Conclusion: Resilience is a dynamic, dyadic construct, co-constructed in moment-to-moment interactions. This necessitates viewing the couple, not the individual, as the essential unit of care in CTDs management. Interventions must therefore be designed to preserve patient autonomy while cultivating authentic emotional disclosure and collaborative problem-solving.

Plain Language Summary: Using joint interviews with 12 Chinese couples in which the wife lived with systemic lupus, rheumatoid arthritis or systemic sclerosis, this qualitative study uncovered how marital interaction shaped resilience. Through reflexive thematic analysis we found that (1) shared shock and emotional contagion initially intensified dyadic distress, (2) couples evolved task-oriented coping that occasionally slipped into protective over-control, silencing the patient, and (3) dyads who sustained co-constructed narratives, micro-rituals and collaborative humor transformed illness into a communal “we-experience”, strengthening joint resilience. The findings foreground the couple—rather than the individual patient—as the minimal unit of care and emphasize preserving patient agency within authentic dyadic dialogue.

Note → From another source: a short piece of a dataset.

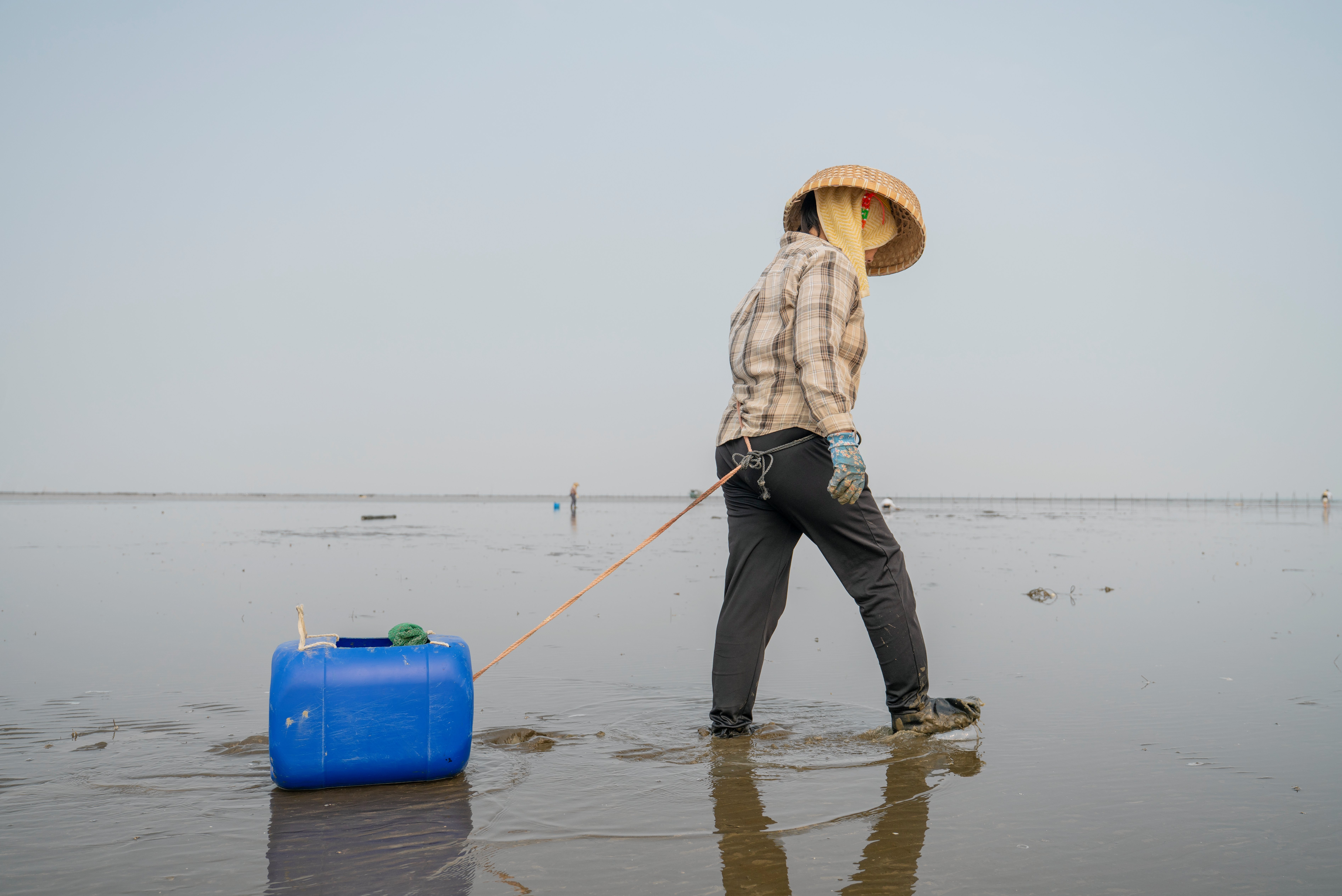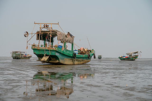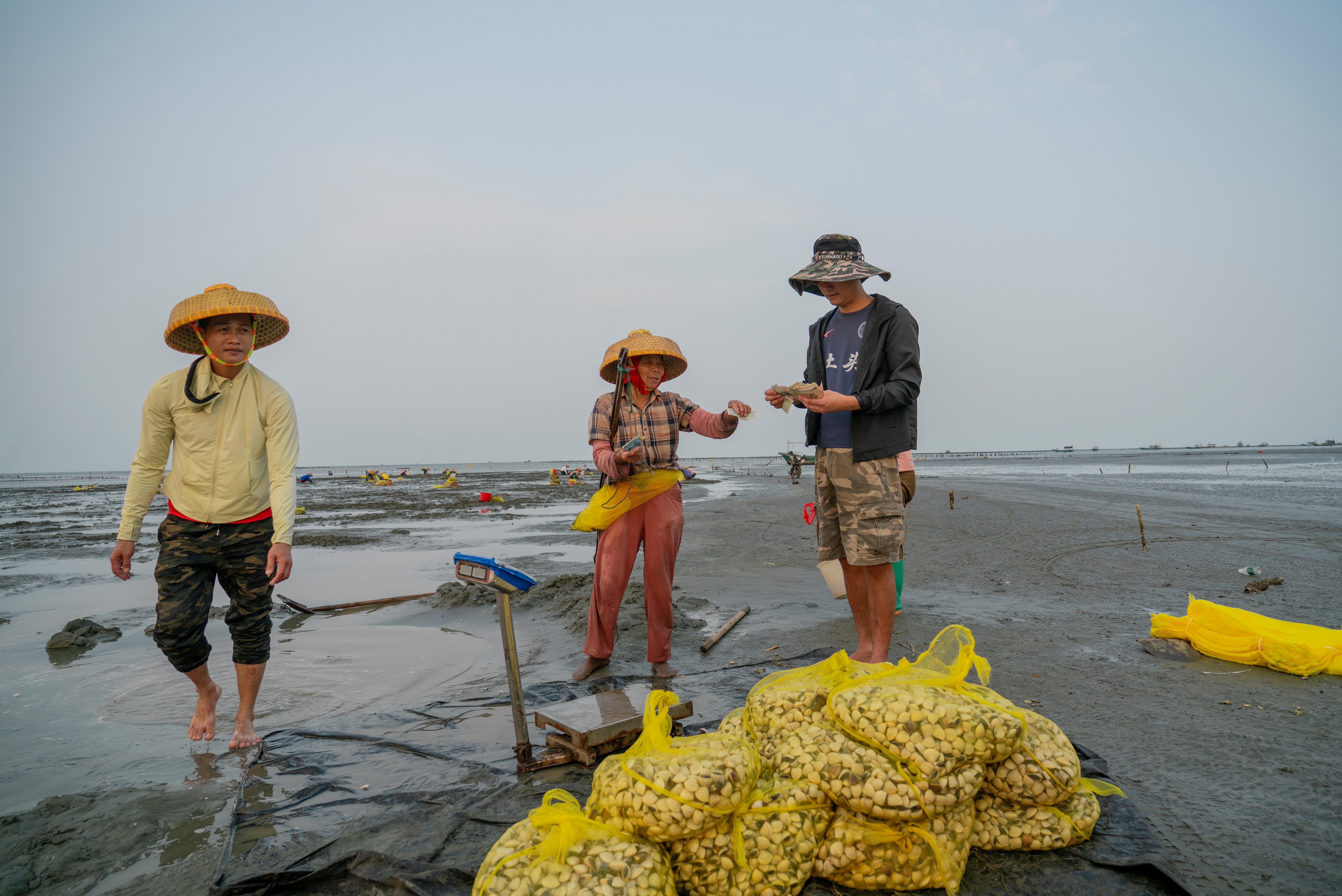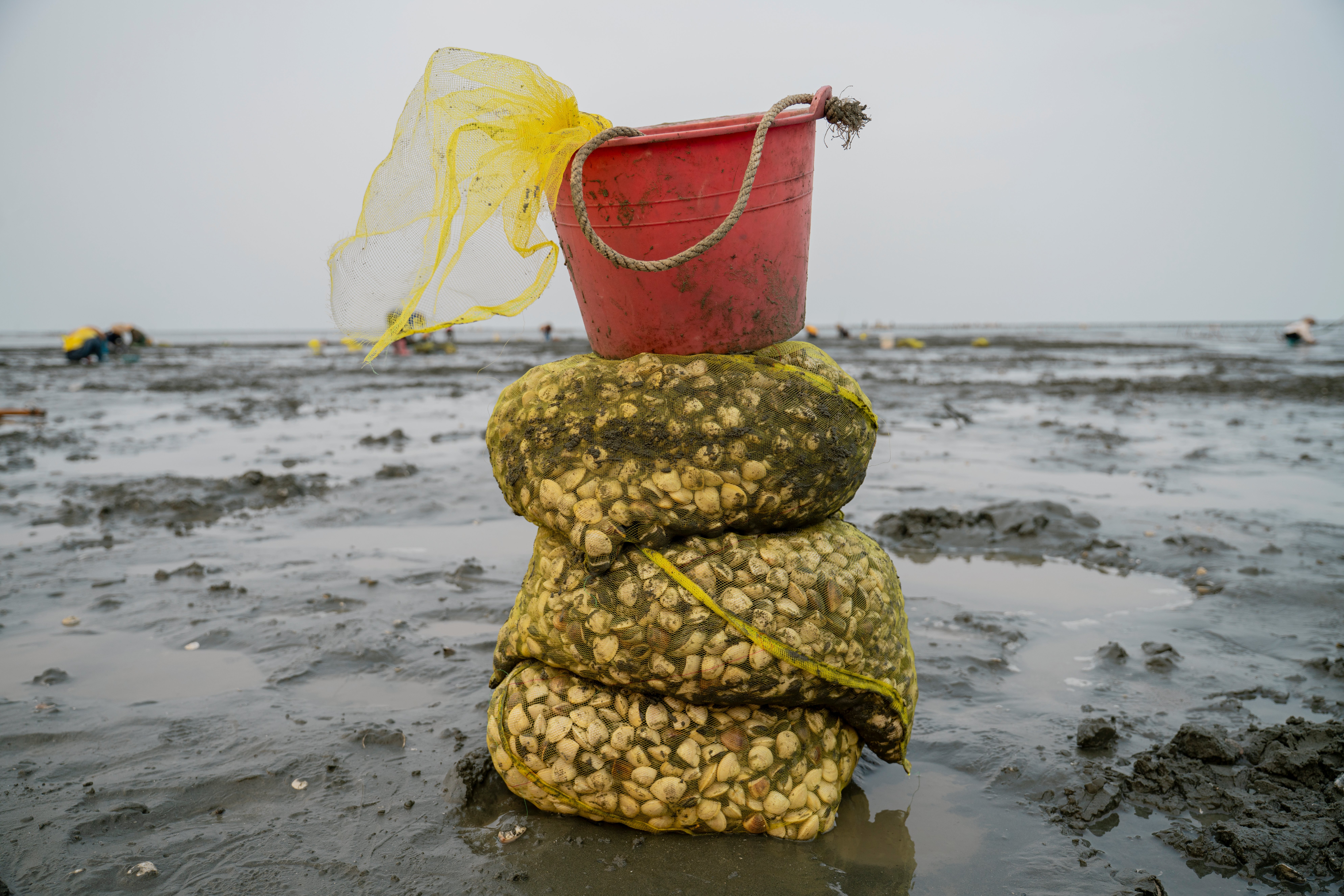 In de namiddag glinstert het wad van het Zuid-Chinese Leizhou in de zon. Het is eb. In de voor het oog eindeloze moddervlakte krioelen kleine krabjes en liggen vissersboten. Verderop zijn tientallen mensen bezig met het oogsten van schelpdieren die hier zijn gekweekt. Ze graven ze met de hand uit en verzamelen ze in gele netten. Stokken geven de omheining aan van deze schelpdierkwekerij, die zich bevindt in een getijdengebied en elke dag ongeveer de helft van de tijd onder water ligt.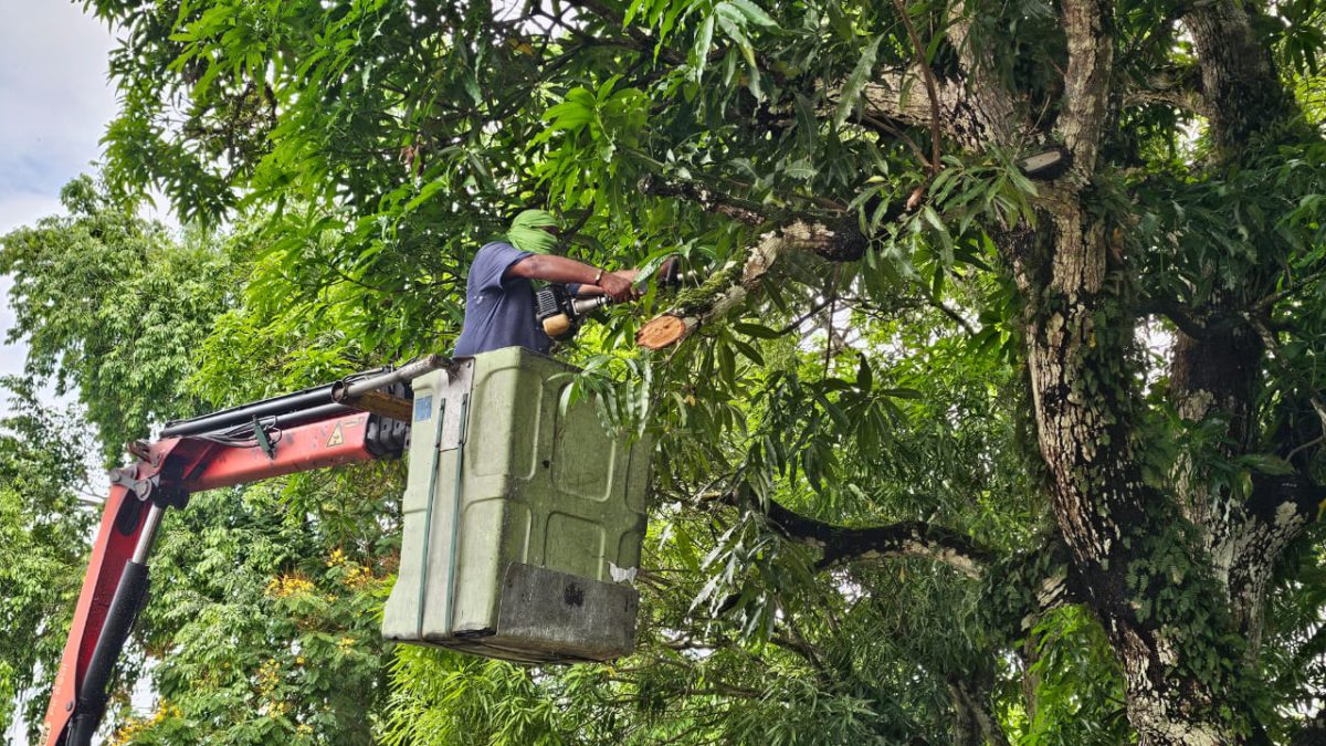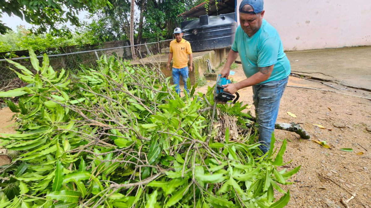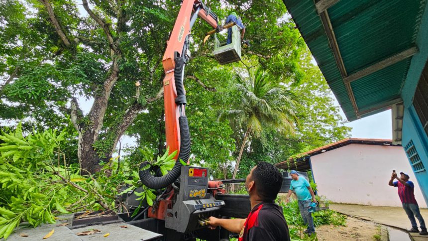 Este martes, la Alcaldía de Maturín a través de la dirección de Alumbrado Público, realizó una jornada de pico y poda en la escuela Andrés Bello, de Costo Arriba, con el fin de evitarle riesgo a los estudiantes.

Keywords: connective-tissue diseases, dyadic coping, resilience, couple interaction, clinical nursing, qualitative research

Introduction

Connective Tissue Diseases (CTDs), such as systemic lupus erythematosus, rheumatoid arthritis, and Sjögren’s syndrome, represent a group of chronic, highly disabling, and relapsing autoimmune disorders.1,2 The nature of these conditions necessitates that patients and their families confront long-term, complex, and unpredictable challenges. On a physiological level, patients endure multi-systemic symptoms, including pain, profound fatigue, joint deformities, and organ damage.3 Psychologically, disease-related changes in appearance, functional limitations, and uncertainty about the future frequently lead to anxiety, depression, and other forms of psychological distress. Socially, CTDs impair work capacity, disrupt social roles and family dynamics, resulting in a substantial societal burden.4,5

Traditional health psychology research has predominantly focused on individual coping strategies and adaptation outcomes. However, the management of chronic illness is not an individual endeavor, particularly for married patients whose spouses often serve as primary caregivers and the most crucial source of support.6 Viewing the couple as a dynamic, interdependent unit that jointly manages illness-related stress—a process known as Dyadic Coping—has emerged as a cutting-edge area of international research.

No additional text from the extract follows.